In his 1966 interview with director-film critic, Francois Truffaut, Alfred Hitchcock said:

It might be a Scottish name, taken from a story about two men in a train.

One man says "What's that package up there in the baggage rack?"

And the other answers, "O that's a McGuffin."

The first one asks "What's a McGuffin?"

"Well" the other man says, "Its an apparatus for trapping lions in the Scottish Highlands."

The first man says, "But there are no lions in the Scottish Highlands," and the other one answers "Well then that's no McGuffin!"

So you see a McGuffin is nothing at all.

b&w
08-20-2004, 05:03 PM
Just a cheap, cinematic ploy (Tarantino movies are nothing but a string of cheap cinematic ploys), in this case a transparent symbol of honor.

As in, honor among thieves.

Could you define exactly what you mean by 'ploy'?

Ed Bishop
08-20-2004, 05:08 PM
The finale to Aldrich's film must have been really scary to some back in those 'Atomic Cafe' days of the mid-50s, though it seems all rather silly today(not the nukes, the briefcase and what that radioactivity would do to someone, and the fact it consumes a human but not the briefcase!)...
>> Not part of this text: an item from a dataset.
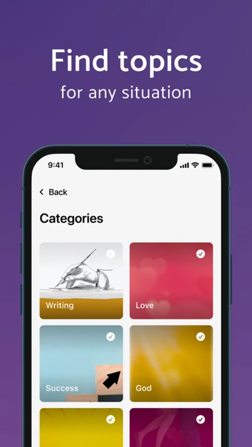 From a variety of topics, choose those you want to focus on. The app includes a wide range of topics such as love quotes, religion, success, humor, words of wisdom, motivational, daily inspiration quotes, life quotes, encouraging word, mental health quotes, self motivation (and many more), as well as a selection of carefully designed themes to choose from - updated frequently.
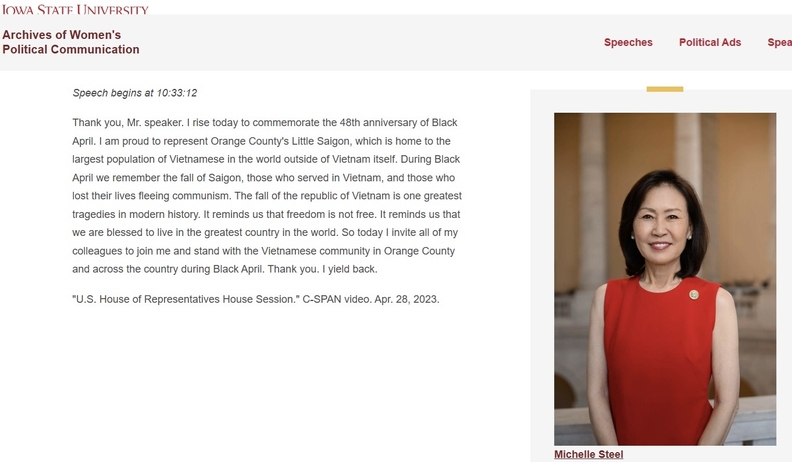 “우리는 ‘검은 4월’에는 사이공의 함락과 베트남전에 참전했던 분들 그리고 공산주의를 피해 도망치다 목숨을 잃은 분들을 기억한다. 베트남 공화국(남베트남)의 몰락은 현대사에서 가장 큰 비극 중 하나다. 이는 자유가 거저 얻어지는 것이 아님을, 그리고 우리가 세계에서 가장 위대한 나라에 살고 있다는 것이 얼마나 큰 축복인지를 일깨워준다.

Still, I believe the mark of the great directors are all the little things they either calculatedly sneak in, or throw in on the fly along the way to make things a bit zippier and fun to watch upon repeated viewings. This is so rare nowadays you'd think a guy like QT would receive more praise than he does....

:ed:

Jimbo
08-20-2004, 06:11 PM
I like Egg McGuffins for breakfast. :D

Cheepnik
08-20-2004, 07:59 PM
The case contains a tribute to Kiss Me Deadly, and a second-hand one at that -- 1984's Repo Man contains a similar tip of the cap, except the deadly glowing stuff is in a car trunk instead of a briefcase.

Kiss Me Deadly also contains the most gut-churning torture scene this side of Mr. Blonde. The victim is a young Cloris Leachman.

Ed Bishop
08-20-2004, 08:13 PM
Agreed..brilliantly shot, you can't really see anything, except that it's nasty and she's naked, that much is implied...the screams and sounds are what get to you...worthy of Hitchcock, though he was rarely that crass. One hell of a movie, though, Aldrich's best, IMO....



:ed:

Tony Caldwell
08-20-2004, 08:56 PM
I think that maybe it was the only remaining cdr copy of Elvis' 24 Karat Hits volume two as remastered by SH.

Who wouldn't kill for that!

Ed Bishop
08-20-2004, 10:12 PM
Nah, more important: the only existing copy of ALL THINGS MUST PASS....:eek:


:ed:

RickHunter
08-20-2004, 11:54 PM
I heard it from Quentin himself that the case contained William Shatner's head.